BRIEF. When you copy the data, keep every line exactly as written and skip the pictures.

*** GIVEN INFORMATION Section Begins ***

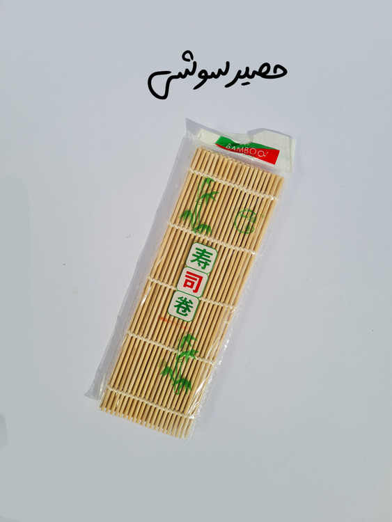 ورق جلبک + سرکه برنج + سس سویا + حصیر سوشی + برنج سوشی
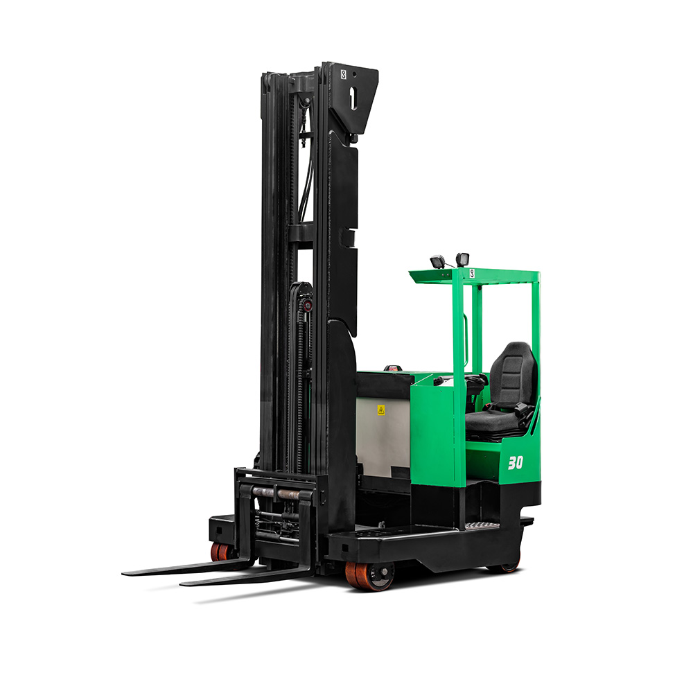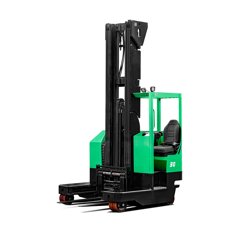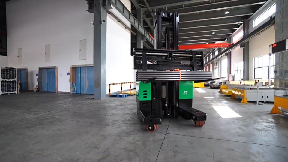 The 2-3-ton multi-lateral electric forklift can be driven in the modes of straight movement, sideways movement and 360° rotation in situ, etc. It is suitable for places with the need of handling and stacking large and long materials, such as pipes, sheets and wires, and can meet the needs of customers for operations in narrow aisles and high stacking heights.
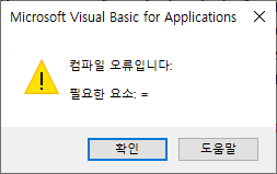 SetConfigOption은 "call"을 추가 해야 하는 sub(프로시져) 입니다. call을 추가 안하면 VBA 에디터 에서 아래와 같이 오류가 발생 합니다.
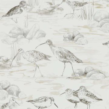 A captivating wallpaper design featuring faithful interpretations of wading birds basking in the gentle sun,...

*** GIVEN INFORMATION Section Ends ***

WRITTEN ANSWER.
 ورق جلبک + سرکه برنج + سس سویا + حصیر سوشی + برنج سوشی
 The 2-3-ton multi-lateral electric forklift can be driven in the modes of straight movement, sideways movement and 360° rotation in situ, etc. It is suitable for places with the need of handling and stacking large and long materials, such as pipes, sheets and wires, and can meet the needs of customers for operations in narrow aisles and high stacking heights.
 SetConfigOption은 "call"을 추가 해야 하는 sub(프로시져) 입니다. call을 추가 안하면 VBA 에디터 에서 아래와 같이 오류가 발생 합니다.
 A captivating wallpaper design featuring faithful interpretations of wading birds basking in the gentle sun,...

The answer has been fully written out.